> _What you should do_: Where the line holding "The app will" appears, start copying, and continue exactly through the last line of the listing, skipping pictures.

> _Data extract_:
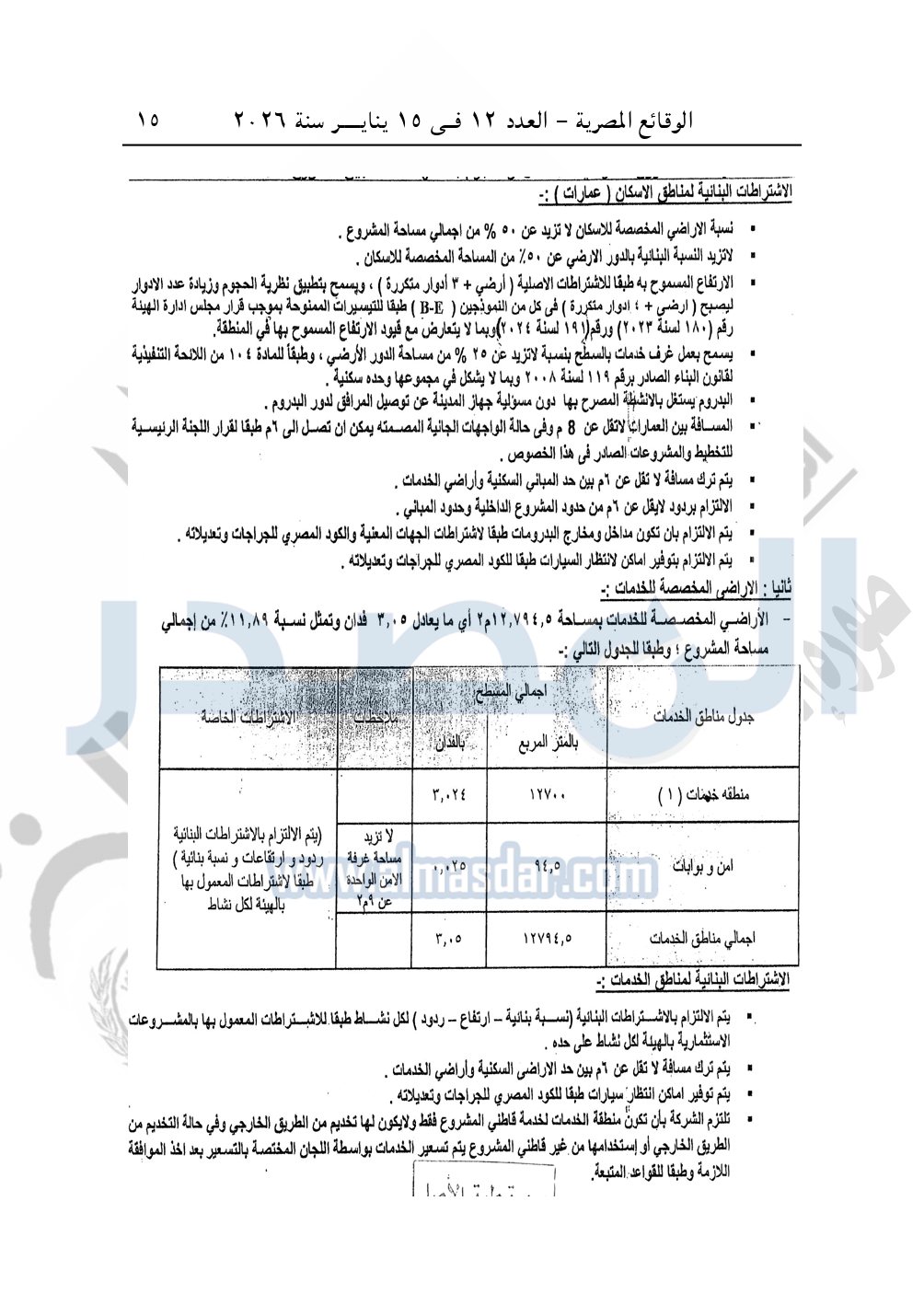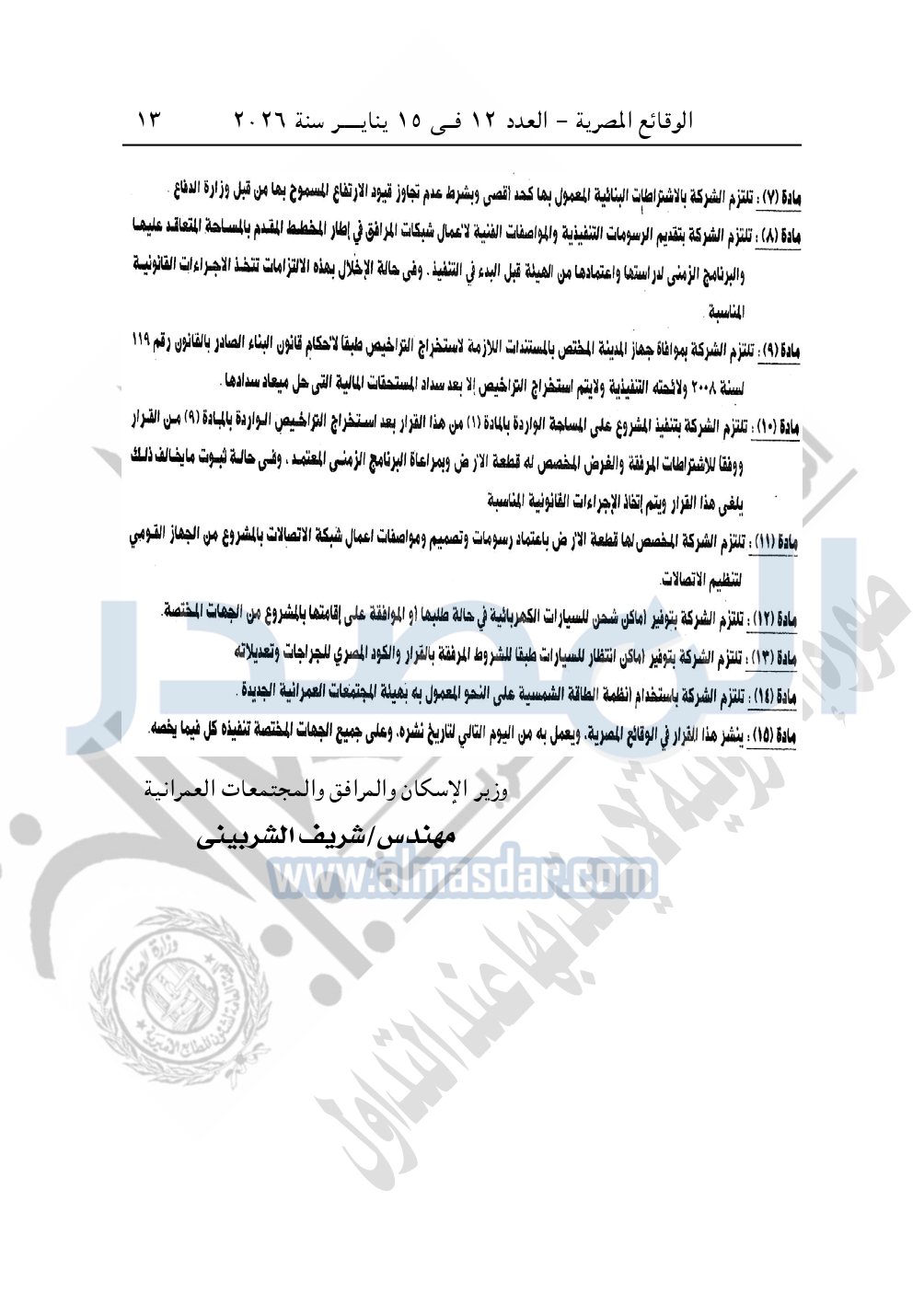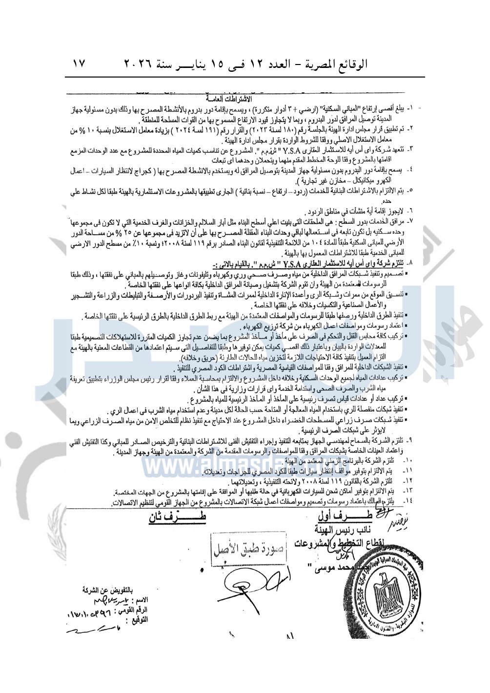 نشرت الوقائع المصرية في العدد 12، الصادر في 15 يناير 2026، قرار وزارة الإسكان والمرافق والمجتمعات العمرانية، رقم 861 لسنة 2025، بتاريخ 38-2025، بشأن اعتماد تخطيط وتقسيم قطعة الأرض رقم "بدون" بمساحة 25.63 فدان بما يعادل 107647.80م2 بمنطقة امتداد مركز المدينة بمدينة بنى سويف الجديدة المخصصة لشركة واى إس إيه للاستثمار العقارى Y.S.A «ش.ذ.م.م» لإقامة مشروع عمراني متكامل.
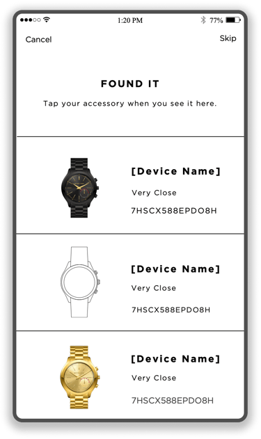 The app will scan for nearby wearable devices and display what is available to the user.
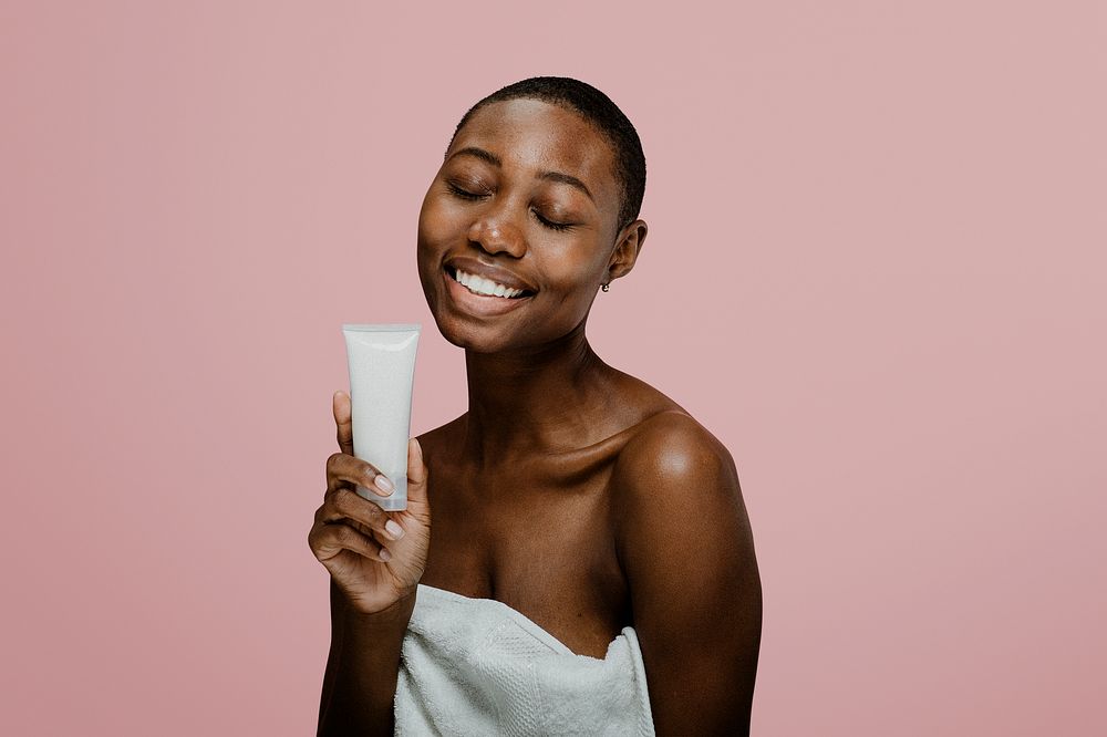 Happy black woman with a container mockup

> _Answer to the problem_:
 The app will scan for nearby wearable devices and display what is available to the user.
 Happy black woman with a container mockup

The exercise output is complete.